Those. request processing 12 seconds + 5 seconds execution.

We decided to simplify the calculation logic on the Tableau side and move one more part of the calculations to the storefront and the database level. This brought good results.

First, we did the transposition on the fly, did it through full outer join at the final stage of the VIEW calculation, according to this approach described on wiki Transpose - Wikipedia, the free encyclopedia и Elementary matrix - Wikipedia, the free encyclopedia.

Tableau in retail, really?

That is, we made a tuning table - a transposition matrix (21x21) and got all the indicators line by line.

It was:
Tableau in retail, really?

After:
Tableau in retail, really?

It takes almost no time to transpose the database itself. The request for all indicators for the week worked out as before in about 10 seconds. But on the other hand, flexibility was lost in terms of building a dashboard according to a specific indicator, i.e. for the right side of the dashboard, where the dynamics and detailed breakdown of a specific indicator are presented, the showcase used to work out in 1-3 seconds, because the query was for one indicator, and now the database always selects all indicators and filters the result before returning the result to Tableau.

As a result, the speed of the dashboard was reduced by almost 3 times.

Result:

  1. 5 sec - parsing dashboards, visualizations
  2. 15-20 sec - preparation for compiling queries with precalculations in Tableau
  3. 35-45 sec - compilation of SQL queries and their parallel-sequential execution in Hana
  4. 5 sec - processing results, sorting, recalculating visualizations in Tableau
  5. Of course, such results did not suit the business, and we continued to optimize.

Stage 2. Minimum logic in Tableau, full materialization

We understood that it was impossible to build a dashboard with a response time of several seconds on a storefront that works for 10 seconds, and we considered options for materializing data on the database side exactly for the required dashboard.
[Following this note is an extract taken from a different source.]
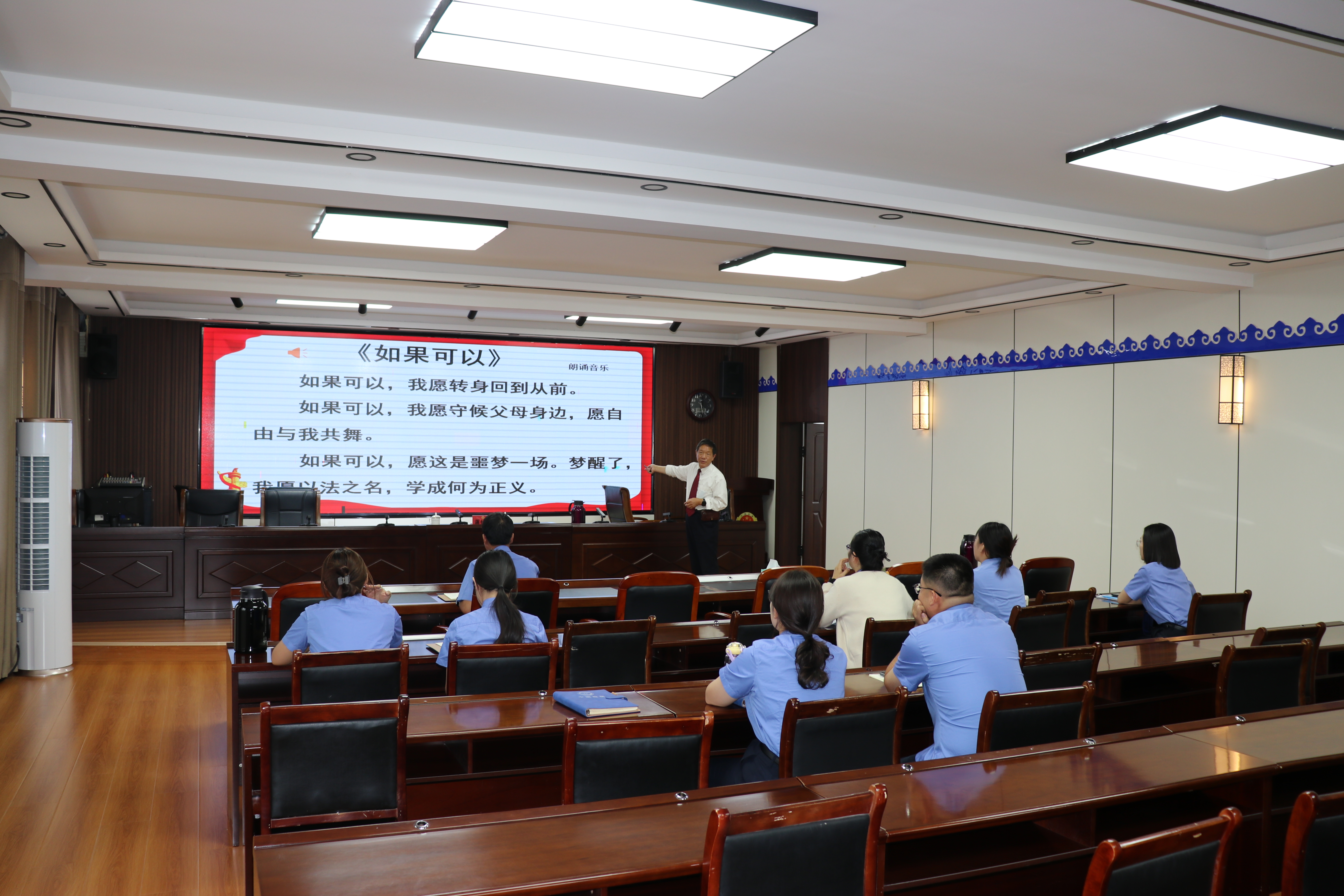 为深入贯彻习近平法治思想,创新法治教育形式,提升法治教育效果,9月22日上午,乌拉特中旗人民检察院特别邀请威宁县检察院蒋仕祥来院开展法治音乐课交流学习座谈会,院党组成员、政治部主任杜振军主持会议。本次座谈会聚焦法治音乐课的实践与探索,旨在为检察人员提供新思路、新方法,进一步推动法治教育工作向纵深发展。为后续两天乌拉特中旗人民检察院和贵州省毕节市威宁县人民检察院联合开展的进校园法治宣讲活动打好基础。

But we faced the global problem described above - non-additive indicators. We could not make it so that, when changing filters or sweeps, Tableau flexibly switched between different storefronts and levels pre-calculated for different product hierarchies (in the example, three queries without UTE, with UTE1 and UTE2 form different results). Therefore, we decided to simplify the dashboard, abandon the product hierarchy in the dashboard and see how fast it can be in a simplified version.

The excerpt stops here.